Subsection 32.4.1 An Isolated Charged Metallic Sphere

Consider an isolated metallic sphere of radius \(R\) that has a total excess charge \(+q\) placed on it. The entire charge \(+q\) on the metallic sphere will end up at the surface as shown in Figure 32.4.1. Furthermore, as there are no other charges or bodies around, the charge distribution on the spherical surface will be spherically symmetric.

Aside Note: If there were other objects in the neighborhood of the metallic sphere, then the charges on the surface of the sphere will not necessarily be spherically symmetric - there will be more charges in certain direction than in other directions.

Since spherically distributed charge densiy has a spherical symmetry, we apply Gauss's law to easily get the magnitude of electric field.

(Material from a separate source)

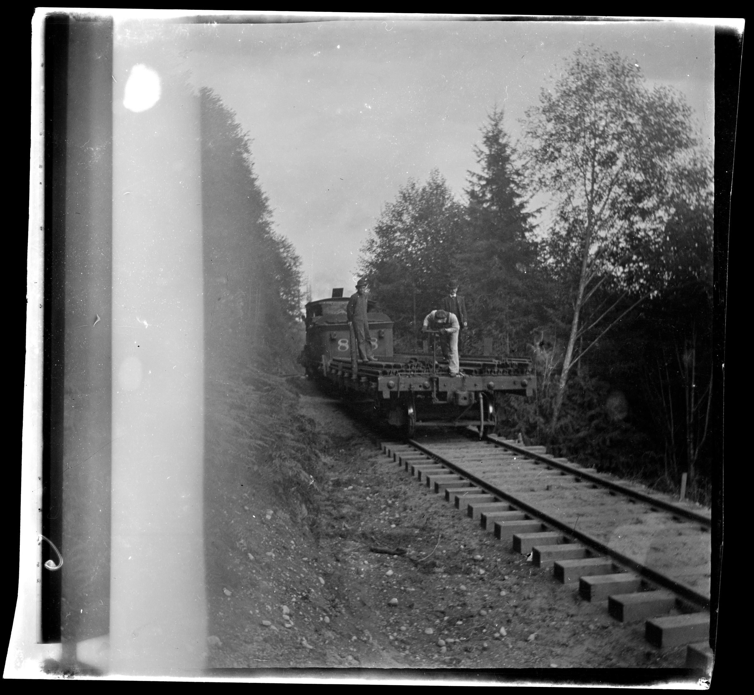 Negative, sheet film. 3.5 x 2.75 b&w. Train. Port Townsend Southern track in Tumwater. Photo shows engine, tender, and flat car.

\begin{equation*} E(r) = \begin{cases} 0 \amp r \lt R\\ \dfrac{1}{4\pi\epsilon_0}\,\dfrac{q}{r^2} \amp r \gt R \end{cases} \end{equation*}

The direction of the electric field will be radially outward from the center of the sphere.

Figure 32.4.1.

The electric field outside the charged spherical conductor is indistinguishable from that of a point charge \(+q\) placed at the center without the conductor present. The difference between the charged metal and a point charge occurs only at the space points inside the conductor: for a point charge placed at the center of the sphere, the electric field will not be zero at points of space occupied by the sphere, but for a conductor with the same amount of charge has a zero electric field at those points. However, there is no distinction at the outside points in space where \(r > R\text{,}\) and we can replace the isolated charged spherical conductor by a point charge at its center with impunity.

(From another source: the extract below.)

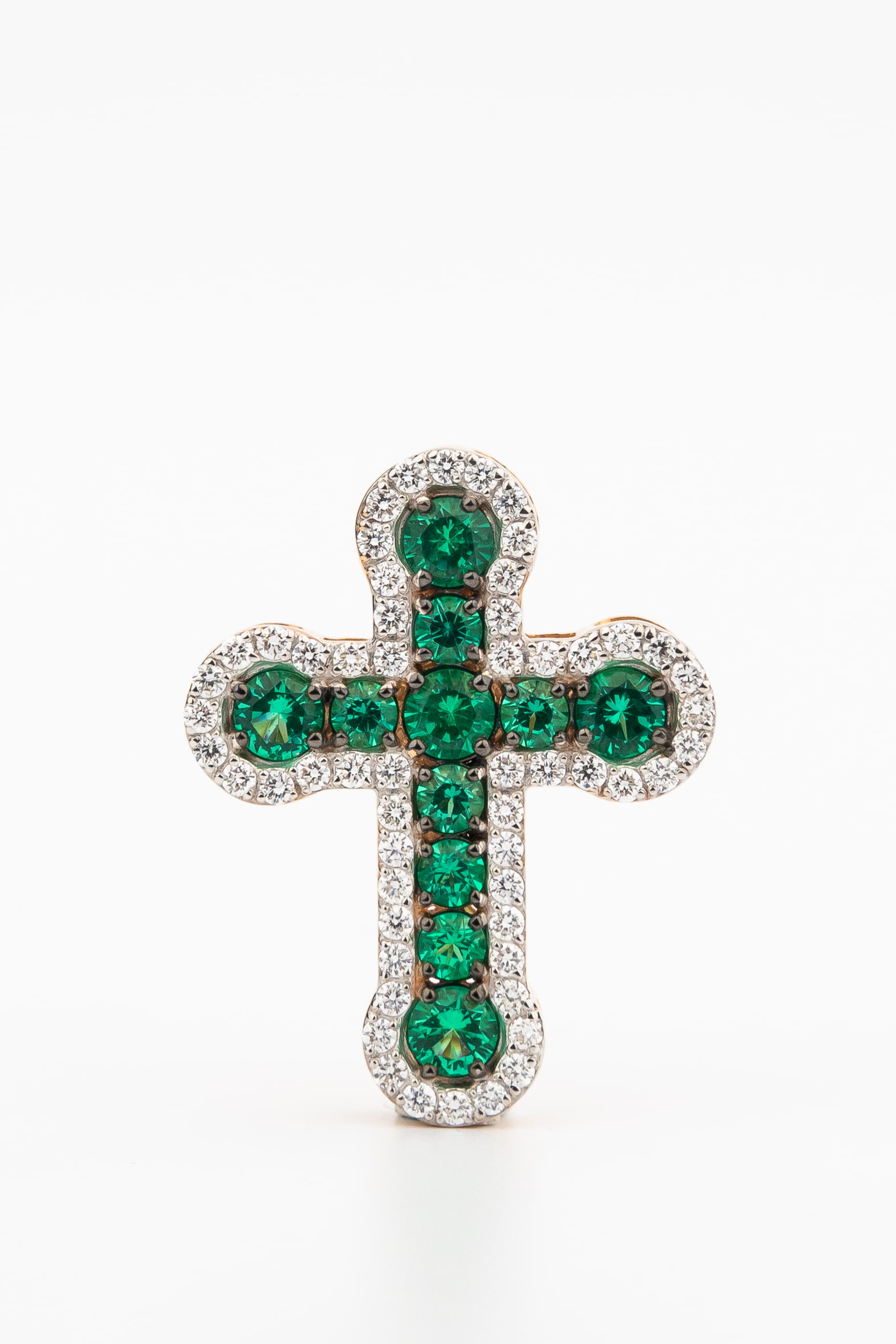 Центральным элементом композиции является искусное сочетание драгоценных вставок: глубокий зеленый цвет изумрудов в обрамлении сияющих белых бриллиантов. Всего в украшении использовано 67 камней круглой формы, которые великолепно переливаются при любом освещении, приковывая восторженные взгляды. Каждая деталь продумана до мелочей, чтобы подчеркнуть значимость изделия и его премиальный статус.

Electric Potential of a Charged Metallic Sphere

We find electric potential at a point P by integrating negative of the dot product of electric field with displacement from \(r=\infty\) (reference point) to the \(r=r\text{.}\)

With P outside, we get the same expression for potential as that of a point charge, but in the space inside the sphere, we get constant potential. These are sketched in Figure 32.4.2

\begin{equation*} \phi(r) = \begin{cases} \dfrac{1}{4\pi\epsilon_0}\,\dfrac{q}{R} \amp r \le R\\ \dfrac{1}{4\pi\epsilon_0}\,\dfrac{q}{r} \amp r \gt R \end{cases} \end{equation*}

Figure 32.4.2.

Subsection 32.4.2 An Isolated Charged Long Metallic Wire

We have already worked out electric field of a charged wire of linear charge density \(\lambda\text{.}\) Using Gauss's law for cylindrical symmetry, it was shown that electric field has the following magnitude at a ditance \(s\) from the wire.

\begin{equation*} E = \frac{\lambda}{2\pi\epsilon_0}\;\frac{1}{s}. \end{equation*}

Figure 32.4.3.

The electric potential with potential zero reference at distance \(s_\text{ref}\) is

\begin{equation*} \phi = - \frac{\lambda}{2\pi\epsilon_0}\;\ln\frac{s}{s_\text{ref}}. \end{equation*}

A long cylinder of copper of radius \(3\text{ cm}\) is charged so that it has a uniform charge per unit length on its surface of \(3\;\mu\text{C/m}\text{.}\) (a) Find the electric field inside (\(s=2.0\text{ cm}\)) and outside (\(s=4.0\text{ cm}\)) the cylinder. (b) Draw electric field lines in a plane perpendicular to the rod.


(a) Use formula for electric field for cylindrical symmetry. (b) Use the rule that: (1) Electric field lines begin at positive charge and end at negative charges and (2) Electric field lines land perpendicularly on metals.


(a) \(1.35\times 10^6 \:\text{N/C}\text{,}\)(b) see solution.

Solution 1 (a)

(a) Since, we have electrostatic situation, charges on metal will reside on the surface of the cylinder. Using the Gauss’s law for cylindrical symmetry, you find that electric field inside the cylinder is zero.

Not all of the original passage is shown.